## Task directions
Return each line of the data below exactly, omitting any pictures.

## Given data
--------------------------------
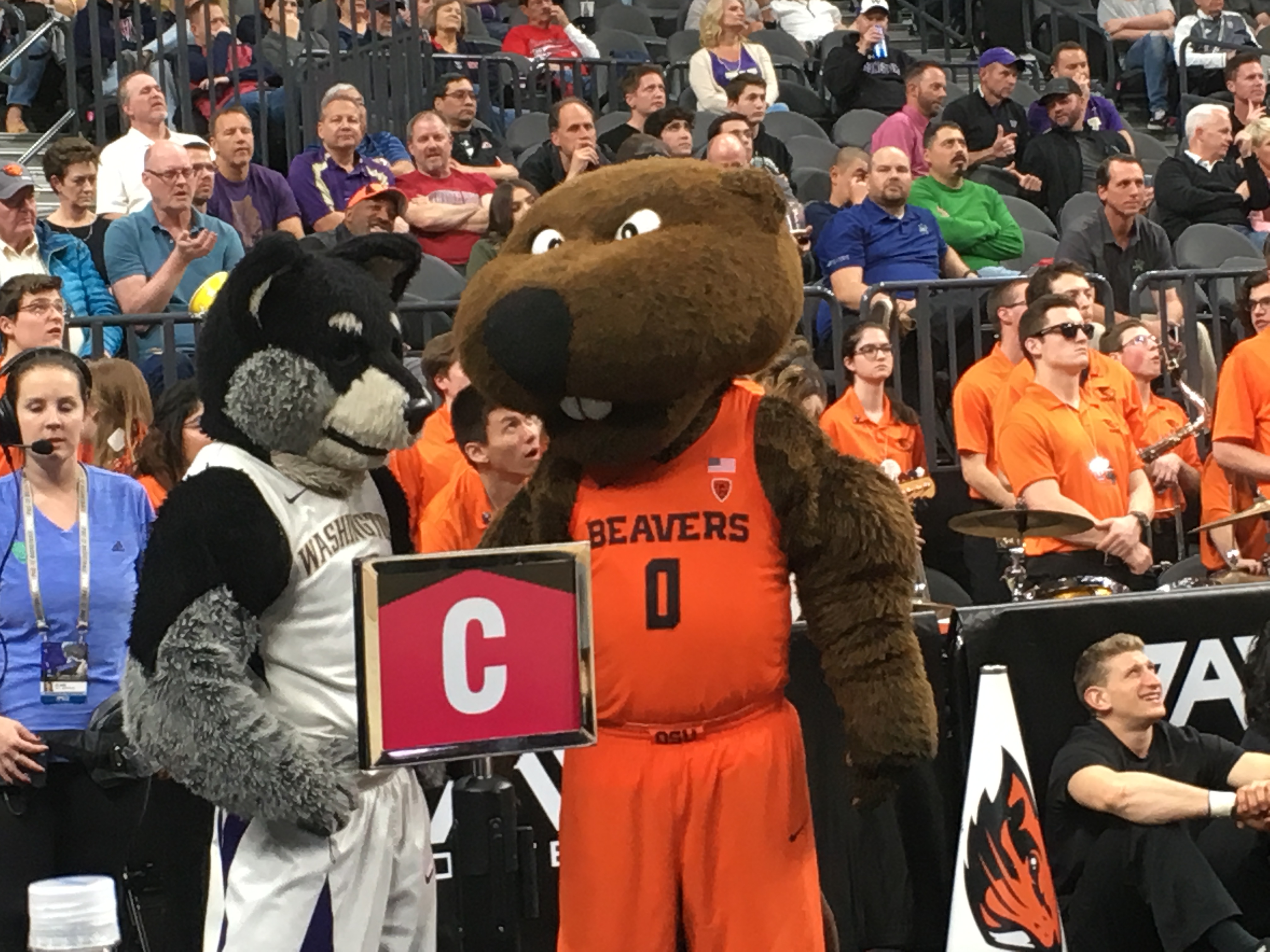 Conventional mascots meet at Wednesday night’s Oregon State-Washington game at T-Mobile Arena.
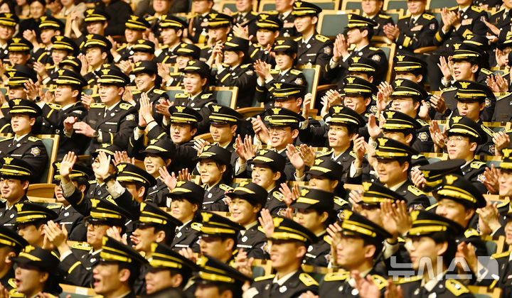 [수원=뉴시스] 김종택 기자 = 19일 경기 수원시 팔달구 경기아트센터에서 열린 제79기 경기도 신임 소방공무원 임용식에서 소방대원들이 축하공연을 관람하고 있다. 2025.12.19. [email protected]
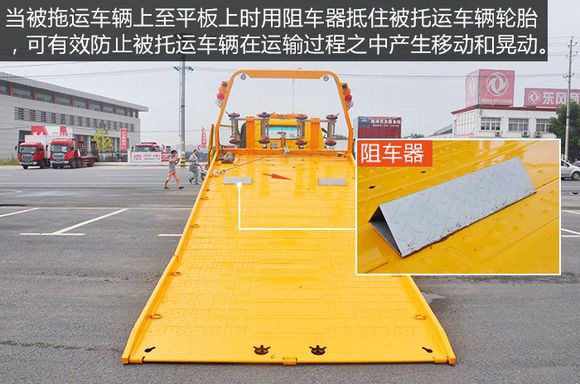 當被拖運車輛上至平板上時用阻車器抵住被托運車輛輪胎,可有效防止被托運車輛在運輸過程之中產(chǎn)生移動和晃動,設(shè)計合理使用方便,可以很好的保護被托運車輛;瑒酉尬,固定更精確,操作更簡便。
--------------------------------
## Reply to the task
 Conventional mascots meet at Wednesday night’s Oregon State-Washington game at T-Mobile Arena.
 [수원=뉴시스] 김종택 기자 = 19일 경기 수원시 팔달구 경기아트센터에서 열린 제79기 경기도 신임 소방공무원 임용식에서 소방대원들이 축하공연을 관람하고 있다. 2025.12.19. [email protected]
 當被拖運車輛上至平板上時用阻車器抵住被托運車輛輪胎,可有效防止被托運車輛在運輸過程之中產(chǎn)生移動和晃動,設(shè)計合理使用方便,可以很好的保護被托運車輛;瑒酉尬,固定更精確,操作更簡便。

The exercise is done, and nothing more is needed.